Work item >> Which lines of the entries below run from the one holding "SHOUT SHOUT |" to the one holding "Büyük Beden Kadın", inclusive? Set down exactly those lines and no others.

Available data >>
⟨

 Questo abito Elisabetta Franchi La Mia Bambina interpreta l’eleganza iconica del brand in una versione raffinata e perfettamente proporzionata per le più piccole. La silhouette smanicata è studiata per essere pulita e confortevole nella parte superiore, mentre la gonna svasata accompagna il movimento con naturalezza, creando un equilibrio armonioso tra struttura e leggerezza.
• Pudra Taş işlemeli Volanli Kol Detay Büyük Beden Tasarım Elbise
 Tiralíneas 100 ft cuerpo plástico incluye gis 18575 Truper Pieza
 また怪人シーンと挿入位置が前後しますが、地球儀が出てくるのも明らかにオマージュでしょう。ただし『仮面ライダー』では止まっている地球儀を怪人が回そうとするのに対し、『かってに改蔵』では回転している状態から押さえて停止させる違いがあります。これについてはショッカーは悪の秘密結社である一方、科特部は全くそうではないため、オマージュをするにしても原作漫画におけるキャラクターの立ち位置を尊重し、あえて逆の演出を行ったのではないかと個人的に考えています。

⟩
⟨

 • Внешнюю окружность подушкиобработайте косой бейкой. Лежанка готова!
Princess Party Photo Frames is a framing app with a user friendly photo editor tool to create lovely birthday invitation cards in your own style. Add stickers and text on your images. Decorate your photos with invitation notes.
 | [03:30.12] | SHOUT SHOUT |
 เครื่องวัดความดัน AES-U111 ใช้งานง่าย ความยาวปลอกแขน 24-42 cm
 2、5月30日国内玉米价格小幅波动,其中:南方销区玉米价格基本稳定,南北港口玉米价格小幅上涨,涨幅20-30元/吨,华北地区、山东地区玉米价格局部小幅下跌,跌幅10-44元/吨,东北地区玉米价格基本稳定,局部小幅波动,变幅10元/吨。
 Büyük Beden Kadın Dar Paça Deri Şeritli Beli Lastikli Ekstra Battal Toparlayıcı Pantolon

⟩

Finished task >>
 | [03:30.12] | SHOUT SHOUT |
 เครื่องวัดความดัน AES-U111 ใช้งานง่าย ความยาวปลอกแขน 24-42 cm
 2、5月30日国内玉米价格小幅波动,其中:南方销区玉米价格基本稳定,南北港口玉米价格小幅上涨,涨幅20-30元/吨,华北地区、山东地区玉米价格局部小幅下跌,跌幅10-44元/吨,东北地区玉米价格基本稳定,局部小幅波动,变幅10元/吨。
 Büyük Beden Kadın Dar Paça Deri Şeritli Beli Lastikli Ekstra Battal Toparlayıcı Pantolon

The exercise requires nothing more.